Lionel Meunier a décidément tous les talents. Non content d’être l’inspirateur et la cheville ouvrière du fabuleux Vox Luminis, certainement l’un des plus meilleurs ensembles vocaux du moment dans le répertoire baroque et classique (et la Belgique est incroyablement gâtée sur ce plan avec le Vlaams Radiokoor, le Collegium Vocale Gent ou le Chœur de chambre de Namur), il fait également preuve d’un instinct très sûr pour dénicher des raretés qui sont autant de révélations, comme il parvient à dépoussiérer de façon très convaincante les valeurs sûres du répertoire.
Pour ce concert regroupant le Requiem de Michael Haydn aussi peu connu qu’est célébrissime la Grande Messe en ut mineur K427 de Mozart, les forces rassemblées sur la scène du Palais des Beaux-Arts regroupaient outre Vox Luminis (en grande formation de 32 chanteurs) la petite trentaine d’instrumentistes de l’excellent B’Rock Orchestra.

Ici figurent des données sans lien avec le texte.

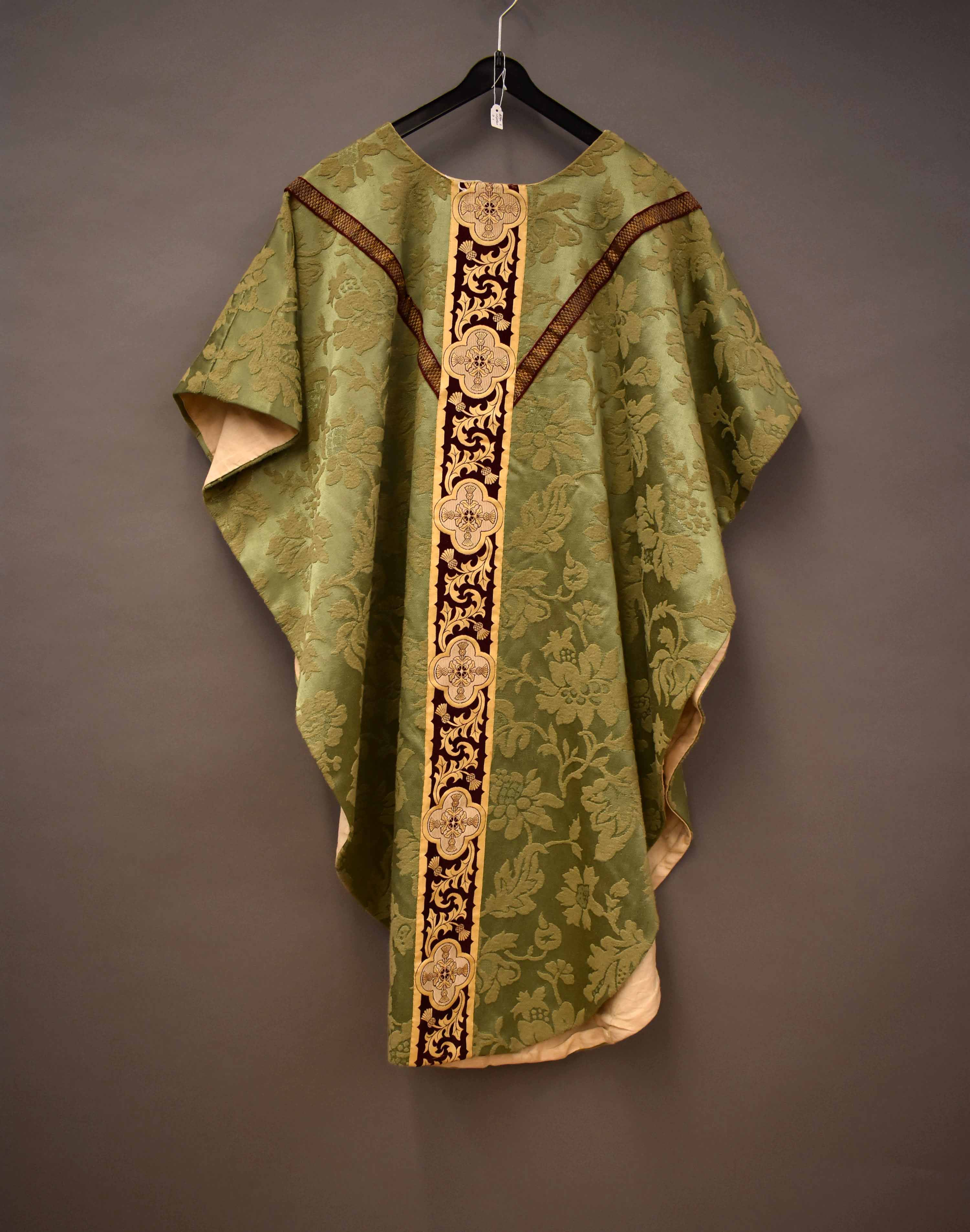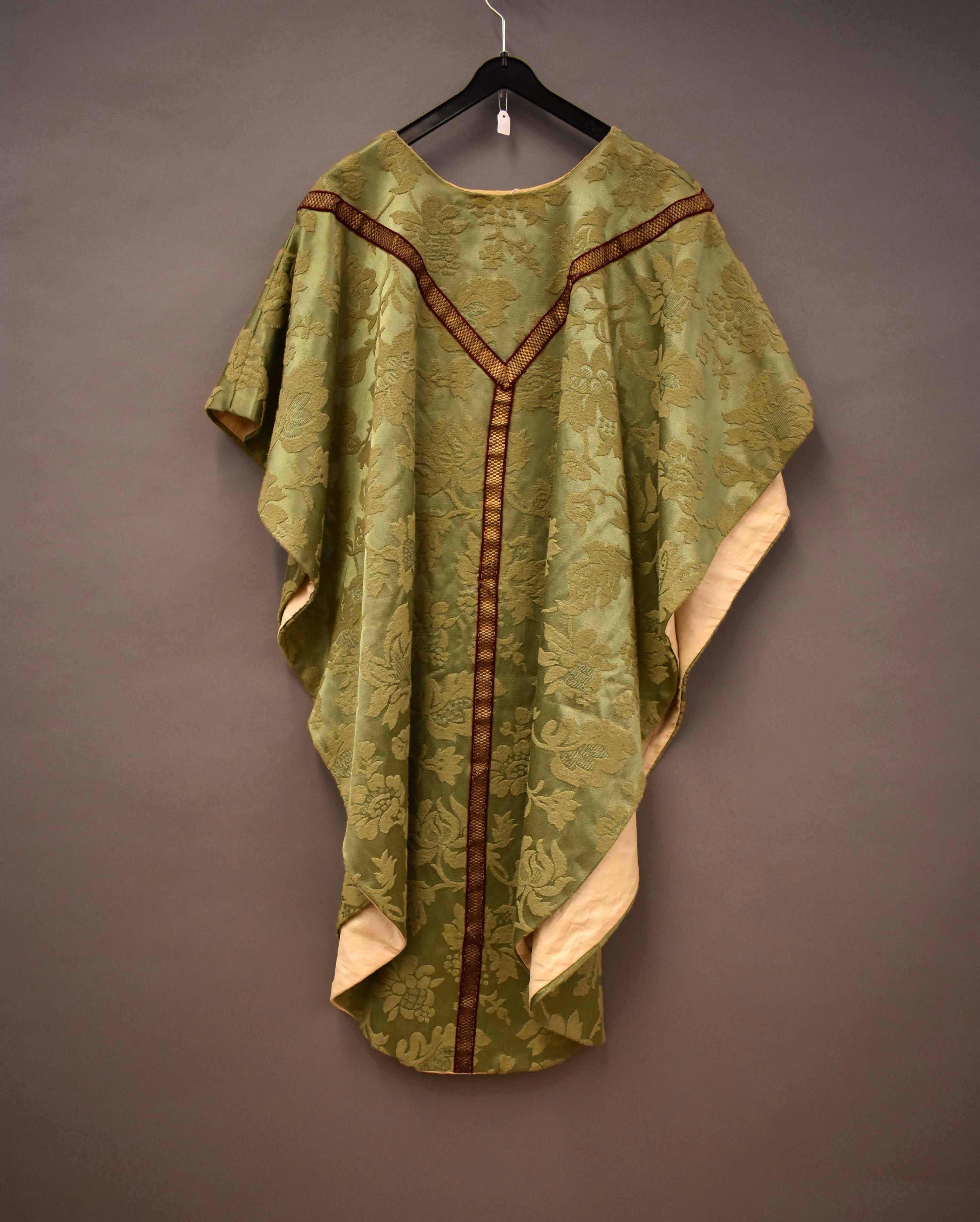 Kleding kindsheid, groen kazuifel met ingeweven velours bloempatroon, beige voering
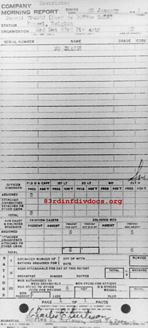 Morning report ARTYMEDDET/83 for January 25, 1945
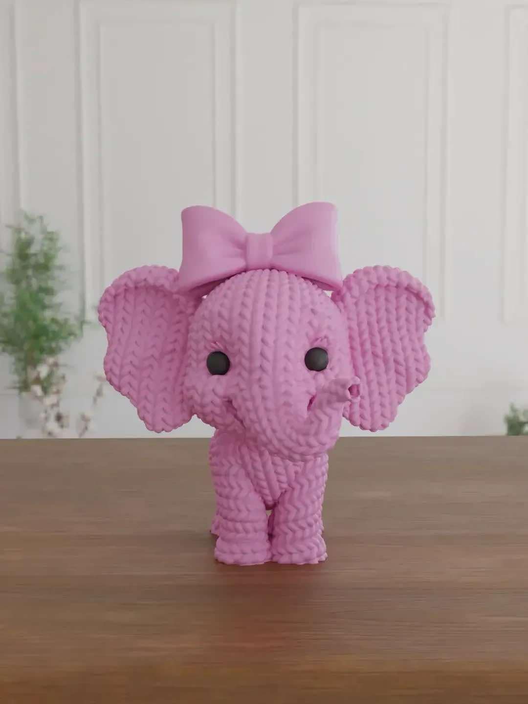 Add a pop of personality and charm to any space with our Knitted Pink Elephant Figurine, complete with a sweet little bow. With a handwoven look and bold color, this adorable companion brings a playful, handcrafted feel to nurseries, kids’ rooms, or collector shelves.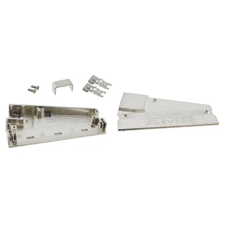 AMPLIMITE .050 Series III Shielded Backshell Kits with Spring Latches for SCSI D-sub Connectors. AMPLIMITE .050 series III shielded SCSI (50 and 68 way) d-sub backshell kits consisting of and upper and lower backshell made from from zinc with nickel over copper plating, 2 x stainless steel spring latches, stainless steel 2-56 screws and 1 x tin over nickel plated strain relief staple. These AMPLIMITE .050 series III d-sub backshell kits are available in 2 straight exit styles and one angled exit style and accept a variety of cable diameters. (Please refer to table and datasheet on our website for details).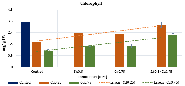 Leaf chlorophyll content was reduced up to 44.58% (Cd0.25mM) and 64.74% (Cd0.75mM) with Cd in comparison to control. The pigment loss remained at 23.43% (Cd0.25) and 52.62% (Cd0.75mM) with added SA0.5mM; and at 25.76% (Cd0.25mM) and 53.55% (Cd0.75mM) with Ca0.75mM. Their combination (SA0.5+Ca0.75) treatment has restricted the loss of chlorophyll to 5.98% (Cd0.25mM) and 30.2% (Cd0.75mM) (Figure 1).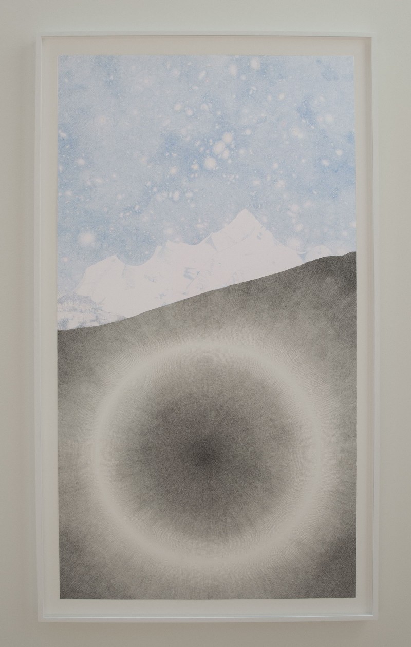Bravely, although some may conclude that she is flirting with the impossible, Rosenthal has incorporated her conception of the collider, both what it is and what it does, into her work. In her own words: “It was a challenge to consider how I might make a drawing that incorporated realities of the universe that exist but are not directly visible. I had read a statistic that the makeup of the universe is approximately 68 percent dark energy, 27 percent dark matter, and only 5 percent is observable matter (with a good chunk of that being hydrogen). How might I translate this into something visual?”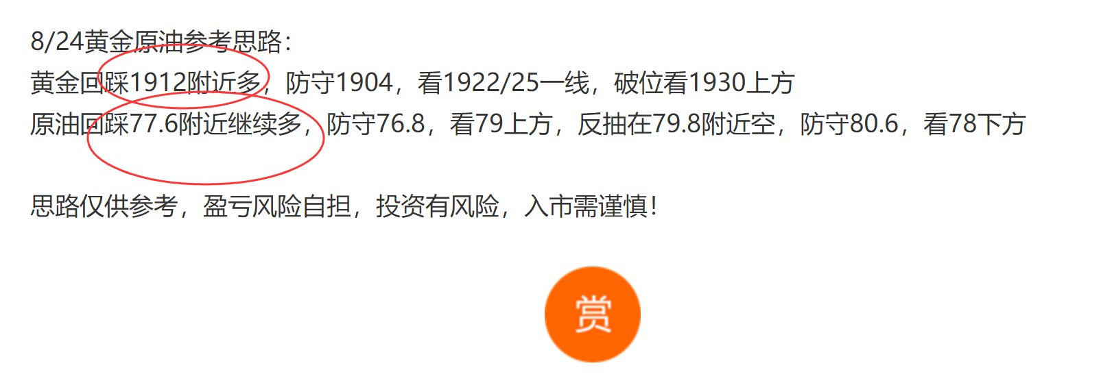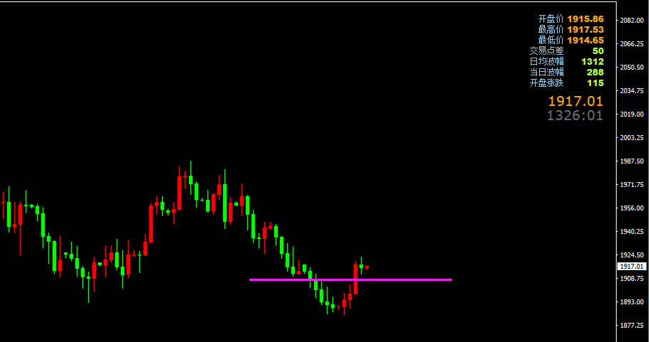 黄金回踩1912/13附近继续多,防守1905,目标1925/1935一线

Au moment où, une fois tous les exécutants et les quatre solistes du chant se retrouvent rassemblés sur la scène, une certaine confusion s’installe à l’entame du Requiem de Haydn. Il n’y a pas de chef d’orchestre visible et on a l’impression que la musique démarre toute seule. En fait, la direction est partagée entre Lionel Meunier installé à l’extrémité du groupe des basses, en haut de la scène, et la Konzertmeisterin Cecilia Bernardini qui indique clairement les attaques de l’archet. Autre moment de trouble : à part le ténor Florian Sievers, aucun des membres du quatuor de solistes ne semble correspondre à sa photo dans le programme. Après un petit moment, on comprend que ces chanteurs – la très agréable soprano, la mezzo aux beaux graves et la basse au timbre un peu léger – sont des membres de Vox Luminis, ce qui en dit long sur la qualité de l’ensemble.
L’œuvre du plus jeune des Haydn est une formidable révélation. Après un Introït véhément et dramatique, le Dies Irae fait entendre un contrepoint aisément maîtrisé avec un magnifique entrelacs de lignes mélodiques. L’œuvre où la maîtrise formelle, vocale et instrumentale (importantes parties de trompettes et de trombones) du compositeur ne fait aucun doute est sans doute le Requiem le plus solaire qui se puisse imaginer. Ce n’est pas la terreur ou la révolte face au tragique de la mort qui domine ici, mais le sentiment tranquille de la foi en une vie future sereine et lumineuse.